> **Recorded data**
----
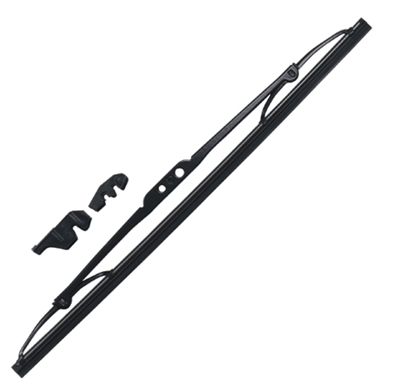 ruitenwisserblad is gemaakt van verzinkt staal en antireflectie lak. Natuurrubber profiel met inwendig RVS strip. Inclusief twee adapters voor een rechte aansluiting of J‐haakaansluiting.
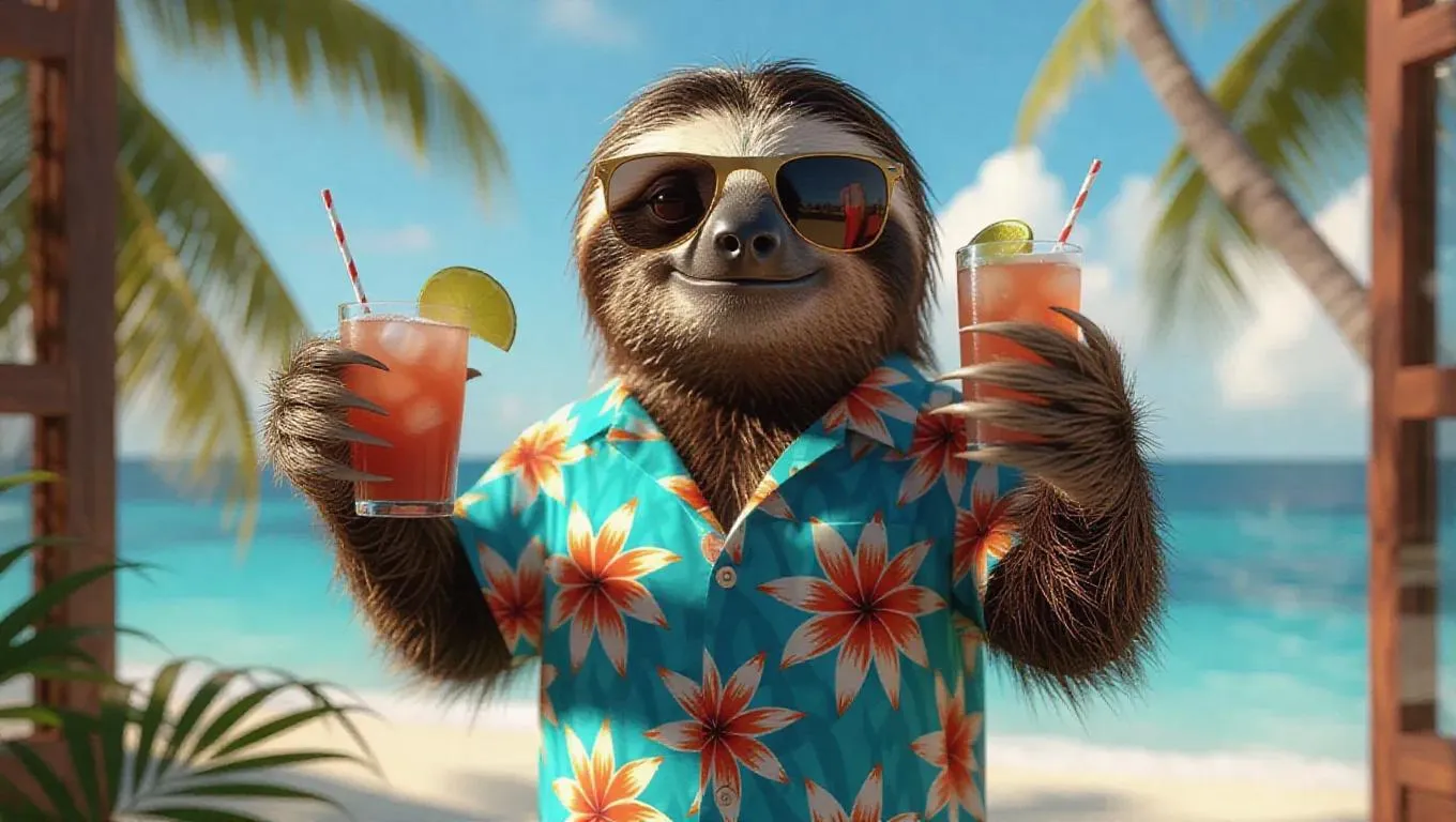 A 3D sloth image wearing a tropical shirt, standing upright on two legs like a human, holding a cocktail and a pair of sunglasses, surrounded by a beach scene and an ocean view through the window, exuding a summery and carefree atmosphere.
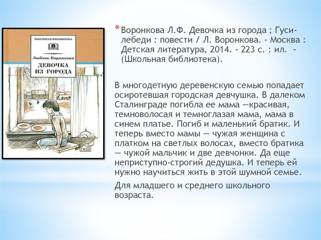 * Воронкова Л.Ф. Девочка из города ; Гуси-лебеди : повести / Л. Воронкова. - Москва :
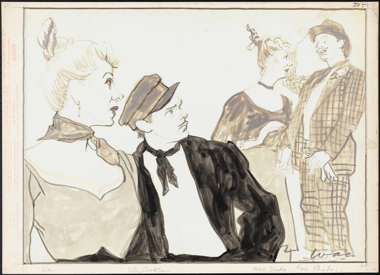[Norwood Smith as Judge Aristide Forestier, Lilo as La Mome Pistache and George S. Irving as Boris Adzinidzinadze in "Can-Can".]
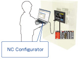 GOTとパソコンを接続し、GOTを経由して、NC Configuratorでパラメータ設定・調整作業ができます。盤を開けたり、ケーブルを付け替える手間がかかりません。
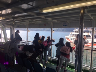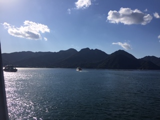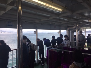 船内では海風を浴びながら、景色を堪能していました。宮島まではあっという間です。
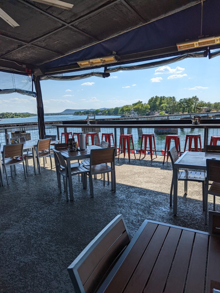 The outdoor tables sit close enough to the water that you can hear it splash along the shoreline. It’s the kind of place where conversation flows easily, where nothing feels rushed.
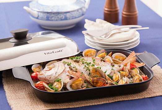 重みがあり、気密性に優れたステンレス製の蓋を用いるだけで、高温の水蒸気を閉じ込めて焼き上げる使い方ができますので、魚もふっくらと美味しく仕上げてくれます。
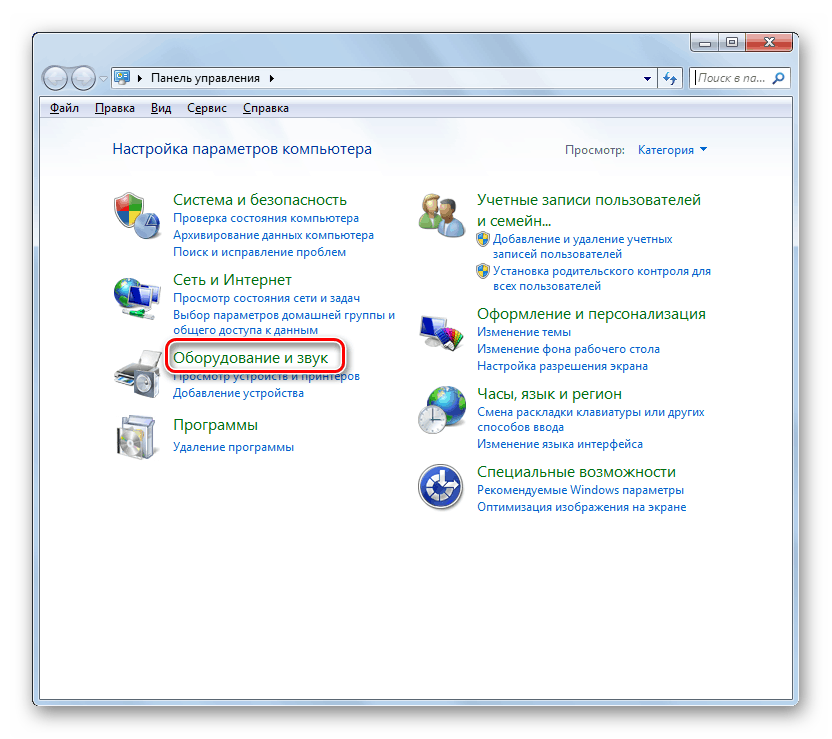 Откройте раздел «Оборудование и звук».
----
> **TASK PROMPT**
Could you write out exactly the lines running from the one with "重みがあり、気密性に優れたス" through the last line of the data above, both ends kept, and omit any picture?

> **EXERCISE SOLUTION**
 重みがあり、気密性に優れたステンレス製の蓋を用いるだけで、高温の水蒸気を閉じ込めて焼き上げる使い方ができますので、魚もふっくらと美味しく仕上げてくれます。
 Откройте раздел «Оборудование и звук».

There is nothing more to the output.